Herman is a town in Shawano County, Wisconsin, United States. The population was 739 at the 2020 census. The unincorporated community of Lyndhurst is located in the town. The unincorporated community of Leopolis is also located partially within the town.

==Geography==
According to the United States Census Bureau, the town has a total area of 35.4 square miles (91.7 km^{2}), of which 35.2 square miles (91.1 km^{2}) is land and 0.2 square mile (0.6 km^{2}; 0.65%) is water.

==Demographics==
As of the census of 2000, there were 741 people, 269 households, and 207 families residing in the town. The population density was 21.1 people per square mile (8.1/km^{2}). There were 300 housing units at an average density of 8.5 per square mile (3.3/km^{2}). The racial makeup of the town was 92.17% White, 0.13% African American, 4.45% Native American, 0.13% Asian, 0.13% Pacific Islander, and 2.97% from two or more races. Hispanic or Latino of any race were 0.81% of the population.

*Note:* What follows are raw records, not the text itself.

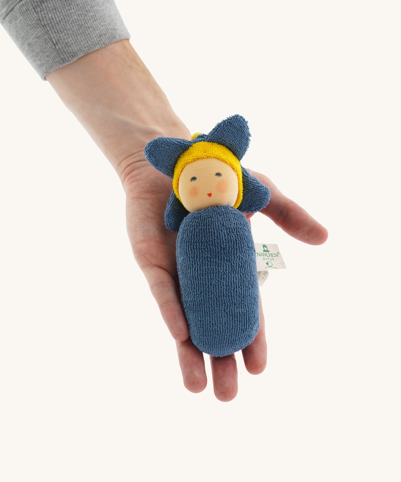 La poupée hochet Forget Me Not de Nanchen est une poupée en tissu éponge doux et biologique de la taille parfaite pour que les bébés et les tout-petits puissent la saisir et la secouer. Cette adorable petite poupée à fleurs a un corps bleu et porte un chapeau à fleurs myosotis bleu avec un joli visage peint à la main, ce qui garantit qu'aucune poupée n'est identique. Les fibres naturelles retiennent les odeurs familières et la chaleur corporelle, ce qui en fait un ami réconfortant pour les câlins au coucher. Doux, sensoriel et sans danger pour les bébés à explorer avec de petites mains et bouches, ce hochet de poupée est un cadeau parfait pour un nouveau-né. L'engagement de Nanchen envers l'artisanat, la production éthique et les matériaux biologiques de haute qualité font des jouets Nanchen Waldorf un cadeau spécial qui sera chéri toute une vie.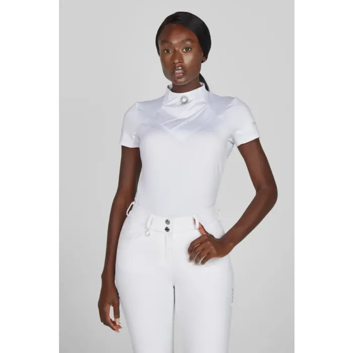 Model wyróżnia się plisowanym kołnierzem z aplikacją z kryształków, który nadaje elegancki charakter. Koszulka konkursowa jeździecka damska zyskuje dzięki temu subtelny, dekoracyjny akcent. Kołnierzyk zachowuje klasyczną formę, jednocześnie podkreślając styl jeździecki. To idealne rozwiązanie dla osób ceniących detale. Koszulka jeździecka konkursowa prezentuje się efektownie na parkurze i czworoboku. Elegancja łączy się tu z funkcjonalnością.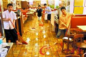 短時間的強降雨導(dǎo)致沙河金馬服裝城一樓檔主遭殃,數(shù)十家檔口被淹。檔主李小姐說:“衣服全部濕了,損失幾萬元呢!弊尷钚〗悴粷M的是,平常一樓鋪租就很貴,每個月至少5000元,但水浸后,管理人員卻沒有馬上處理。
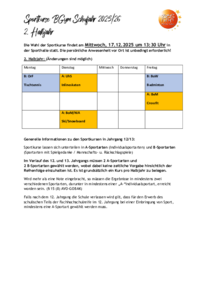 • Für die Sportkurse werden Kursbeschreibungen verfasst, in denen die „aufgebauten“ (neu zu erwerbenden) Kompetenzen aufgeführt werden. Die Kursbeschreibungen werden veröffentlicht (Aushang, Schulinternetseite).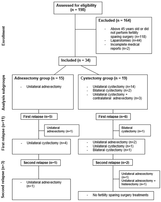 Finally, a total of 34 patients who met the inclusion criteria were included. Among them, 15 underwent adnexectomy and 19 underwent cystectomy. Within the cystectomy group, 14 patients underwent UC, 2 patients underwent BC, and 3 patients underwent UC + CA.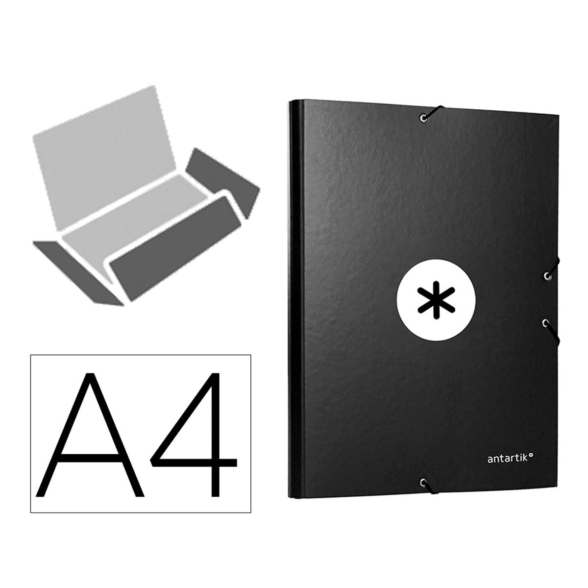 ANTARTIK - Carpeta Escolar A4 con 3 Solapas y Cierre de Goma. Negro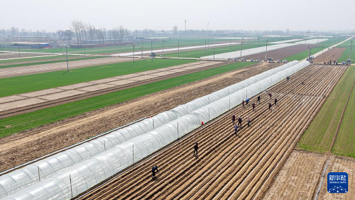 3月25日,河北省石家莊市行唐縣南橋鎮(zhèn)農(nóng)民在田間搭設(shè)姜棚(無人機照片)。(新華社發(fā) 梁子棟 攝)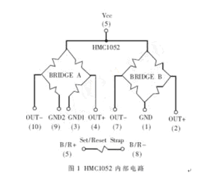 HMC1052是一個雙軸線性磁阻傳感器,每個傳感器都有一個由鐵鎳薄膜合金組成的惠思頓橋。當橋路加上供電電壓時,傳感器將磁場強度轉化為電壓輸出。HMC1052包含兩個敏感元件,它們的敏感軸相互垂直,且參數(shù)相互匹配。內部電路如圖1所示。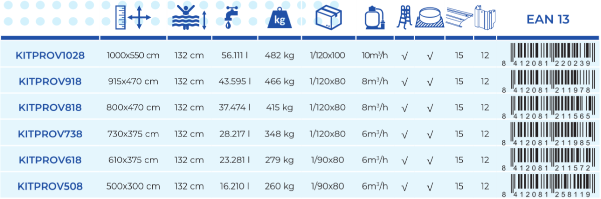 - Disponible en 6 medidas: 500×300 (KITPROV508), 610×375 (KITPROV618), 730×375 (KITPROV738), 800×470 (KITPROV818), 915×470 (KITPROV918) y 1000×550 (KITPROV1028).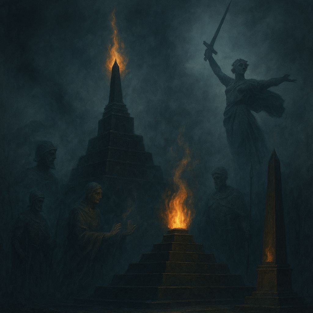 Что есть зиккурат, вознесённый к небу из камня и праха? Почему ступени к небесам похожи на свёрнутую спираль жертвы, на вложенный крик, застывший в форме? Почему все обелиски и стеллы, воздвигнутые в честь павших, следуют одному древнему коду — устремлению вверх, вспарыванию неба каменным пером? Что за знание было вложено в их соотношения, в их молчаливые оси, в их незримую геометрию? Почему в сердцах великих городов горит огонь, который не смеет быть погашенным? Почему он горит не ради света, а ради самой памяти, как будто там, под плитами, в спящем камне, живёт нечто большее, чем просто прах? Что есть Волгоград — Сталинград — земля, имя которой менялось, но суть оставалась? Почему именно здесь была остановлена тьма ценою, которую не вмещает ни одно сердце? И чем стала Родина-Мать, если не рукою, пронзающей небо, ждущей ответа от звёзд? Почему пространство этого комплекса дышит иначе, чем остальные земли, и почему камень там поёт глухими голосами ночью, когда спит страна? Кому бы

There were 269 households, out of which 33.1% had children under the age of 18 living with them, 63.9% were married couples living together, 6.3% had a female householder with no husband present, and 23.0% were non-families. 19.0% of all households were made up of individuals, and 7.8% had someone living alone who was 65 years of age or older. The average household size was 2.75 and the average family size was 3.11.

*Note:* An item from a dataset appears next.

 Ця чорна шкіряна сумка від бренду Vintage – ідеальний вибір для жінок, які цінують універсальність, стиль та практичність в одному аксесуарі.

In the town, the population was spread out, with 27.4% under the age of 18, 5.7% from 18 to 24, 25.5% from 25 to 44, 27.5% from 45 to 64, and 13.9% who were 65 years of age or older. The median age was 38 years. For every 100 females, there were 100.3 males. For every 100 females age 18 and over, there were 100.0 males.

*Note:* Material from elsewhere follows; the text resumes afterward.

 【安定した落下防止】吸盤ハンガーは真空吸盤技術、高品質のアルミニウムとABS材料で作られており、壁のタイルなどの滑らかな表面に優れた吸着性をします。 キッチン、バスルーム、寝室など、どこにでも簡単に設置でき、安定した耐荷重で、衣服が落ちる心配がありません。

The median income for a household in the town was $40,375, and the median income for a family was $46,250. Males had a median income of $31,776 versus $18,000 for females. The per capita income for the town was $16,388. About 2.2% of families and 4.7% of the population were below the poverty line, including 5.9% of those under age 18 and 6.0% of those age 65 or over.